--- Available data Enclosed Below ---
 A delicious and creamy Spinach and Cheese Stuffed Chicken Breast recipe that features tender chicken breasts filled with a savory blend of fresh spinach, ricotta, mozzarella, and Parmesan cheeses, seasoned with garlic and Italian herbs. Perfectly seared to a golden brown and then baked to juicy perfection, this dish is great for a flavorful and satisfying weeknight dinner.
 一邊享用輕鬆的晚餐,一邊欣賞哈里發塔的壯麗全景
--- End of Enclosed Available data ---
--- Available data Enclosed Below ---
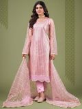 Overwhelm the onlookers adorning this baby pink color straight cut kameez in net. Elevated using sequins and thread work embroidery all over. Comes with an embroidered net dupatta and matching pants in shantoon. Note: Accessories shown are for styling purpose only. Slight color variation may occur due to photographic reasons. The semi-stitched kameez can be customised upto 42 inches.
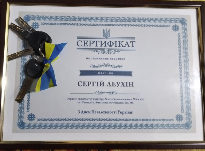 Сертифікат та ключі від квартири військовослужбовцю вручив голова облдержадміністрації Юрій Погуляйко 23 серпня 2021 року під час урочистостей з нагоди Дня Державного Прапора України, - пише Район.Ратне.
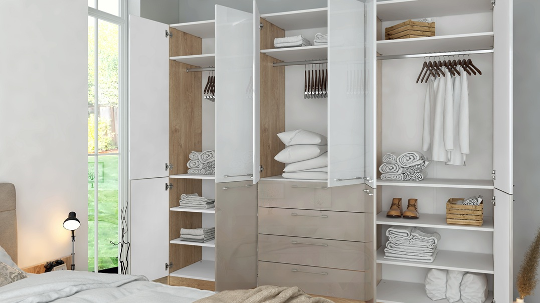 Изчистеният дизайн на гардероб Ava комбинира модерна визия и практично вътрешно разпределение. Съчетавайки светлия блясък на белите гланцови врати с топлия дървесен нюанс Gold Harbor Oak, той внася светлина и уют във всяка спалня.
--- End of Enclosed Available data ---
--- Available data Enclosed Below ---
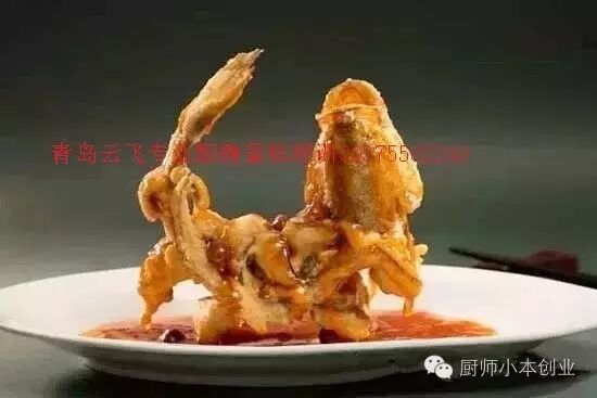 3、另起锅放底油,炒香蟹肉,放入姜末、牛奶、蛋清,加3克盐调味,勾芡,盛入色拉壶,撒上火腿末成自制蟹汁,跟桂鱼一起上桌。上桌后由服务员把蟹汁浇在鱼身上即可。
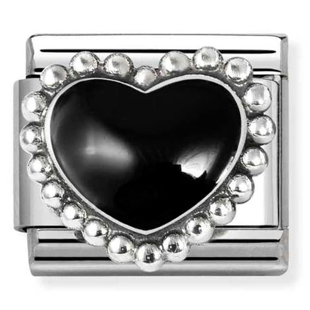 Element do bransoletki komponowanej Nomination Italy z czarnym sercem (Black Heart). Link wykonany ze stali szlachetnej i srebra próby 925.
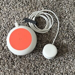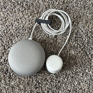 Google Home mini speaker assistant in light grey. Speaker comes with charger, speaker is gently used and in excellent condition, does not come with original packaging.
--- End of Enclosed Available data ---
> _About this task_
Please repeat the lines of the material above exactly, starting with the line that contains "Element do bransoletki" and ending with the line that contains "Google Home mini". Leave the pictures out.

> _Written answer_
 Element do bransoletki komponowanej Nomination Italy z czarnym sercem (Black Heart). Link wykonany ze stali szlachetnej i srebra próby 925.
 Google Home mini speaker assistant in light grey. Speaker comes with charger, speaker is gently used and in excellent condition, does not come with original packaging.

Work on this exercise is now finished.